While I was growing up, my grandparents both had a garden that they tended almost every day. They grew absolutely everything in it, from potatoes to pears, cauliflower to courgettes, loganberries to lettuces, greengages to gooseberries, asparagus, cabbages, carrots and cherries. My grandparents had lived through times when scarcity was commonplace, when foodstuffs were rationed and shops had waiting lists for flour, butter and sugar. If you didn’t grow your own, you often didn’t have anything. Even when they worked, they would get home of an evening, eat a meal then go out and weed and water their gardens. Autumn evenings were spent picking and cleaning and autumn weekends were filled with the smell of vinegar and hot sugar and the sounds of clinking jars. I remember my grandad’s box room being a treasure trove of demi-johns filled with interesting coloured liquids, bottles of brown onions, purple beets and jewelled jam jars.

When we moved into our first house, we had 100ft of garden behind it and a greenhouse at the end, some of it laid to lawn, some to vegetable patch. It was a natural progression to start growing our own food; both sets of our grandparents had done so, our parents did in a fairly haphazard way, so we joined them. It was fun! We never did it in such a way that we were ‘self sufficient’ and could avoid going to the supermarket for things. Sometimes, because of the way we gardened, we would lose crops (the year the cabbage whites decimated our purple sprouting broccoli for example), but we picked and processed and froze and bottled and we did have a pretty good thing going. That said, my nana always managed to make green gooseberry jam and mine was always pink…never worked out why!

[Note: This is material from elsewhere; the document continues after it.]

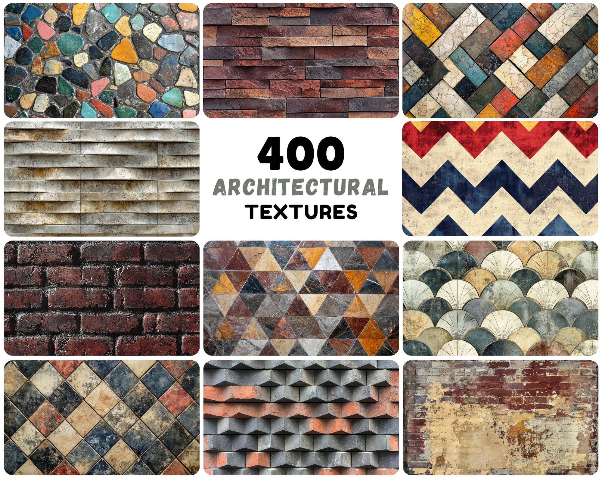 • 400 Architectural Textures – classic and modern surfaces inspired by architecture.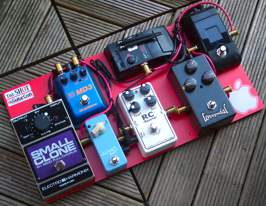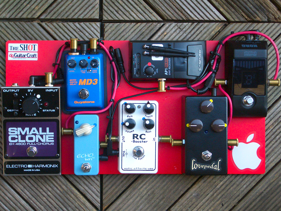 - なので(上の写真のように)George L'sのパッチケーブルのプラグが互い違いになるようにしてペダルを接近させたレイアウトにする

Then we moved to the States. Our first rented house had a big garden but nowhere really to plant food. When we moved into our own house, I had big plans for growing fruit canes and trees, and cutting a plot into the ground where we could grow vegetables. The first year, though, because I had a baby and not much time, I bought pots and put beans, courgettes and tomatoes in them to grow on the deck.

The raccoons and deer enjoyed my endeavours, but not before the ridiculous growing conditions had turned my beans into inedible sticks and my nicely turned out courgettes into marrows overnight.

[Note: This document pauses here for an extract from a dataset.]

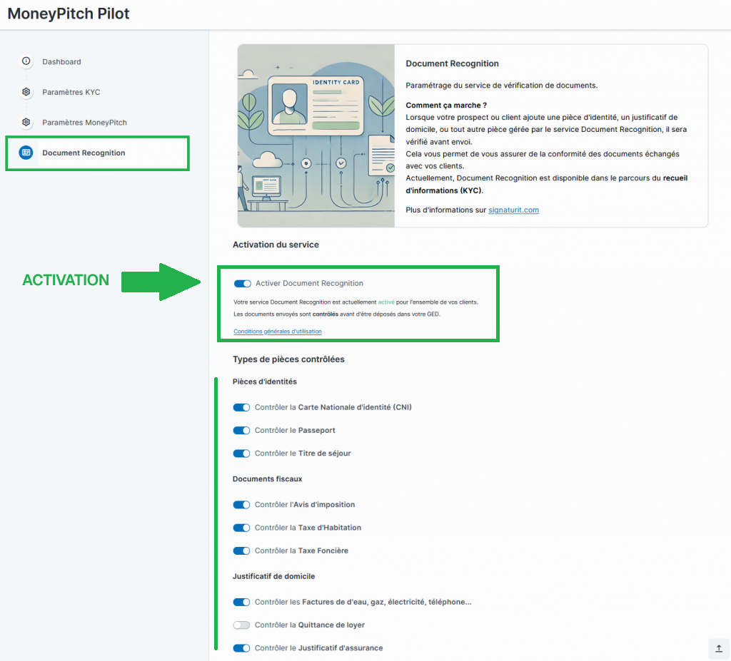 - Activez Document Recognition pour l’ensemble de vos clients, à l’aide du bouton switch dédié.

Since then, I haven’t really bothered. Much of the issue is that the growing season is such that the food plants need the most tending in the six weeks during which we often go back to the UK. We joined a local Community Sponsored Agriculture collective for a while but it became ridiculously expensive for food stuffs I wasn’t particularly interested in cooking or bottling.

I do miss it though. I have been reading my good friend Nikki’s foraging and canning exploits and her rosehip syrup and elderflower cordial both look yummy. I remember fondly my scarlet redcurrant and rosehip wine…and the year my rhubarb wine had a second fermentation in the bottle and you couldn’t stand upright after one glass!

The very wonderful Jack Monroe posted about this blog the other day: http://joannadobson.com/2013/10/02/garden-rage/

It has made me more determined to garden for food again! I *will* fight the critters! I will make the man do some graft when we’re not here!

I do have a nice-ish plot in the back which I could possibly fence off for potatoes, corn and carrots and I would love to put a few fruit trees in the front garden for spring blossoms and autumn fruits.

This is not so much ‘austerity’ as a feeling that I should be feeding my own family from our own land. There’s so much we should be able to grow ourselves, so much land we could be using to feed ourselves. I don’t really know why I have been so reticent to do so.

Maybe if we all put food in our gardens we could all feed ourselves better…as well as getting much needed exercise!

2 thoughts on “Dig For Victory.

  1. Joanna says:

    Good luck! Absolutely love the description of your grandparents’ growing and preserving.

  2. Mr Potarto says:

    How will you keep the raccoons out? Tricky things, raccoons.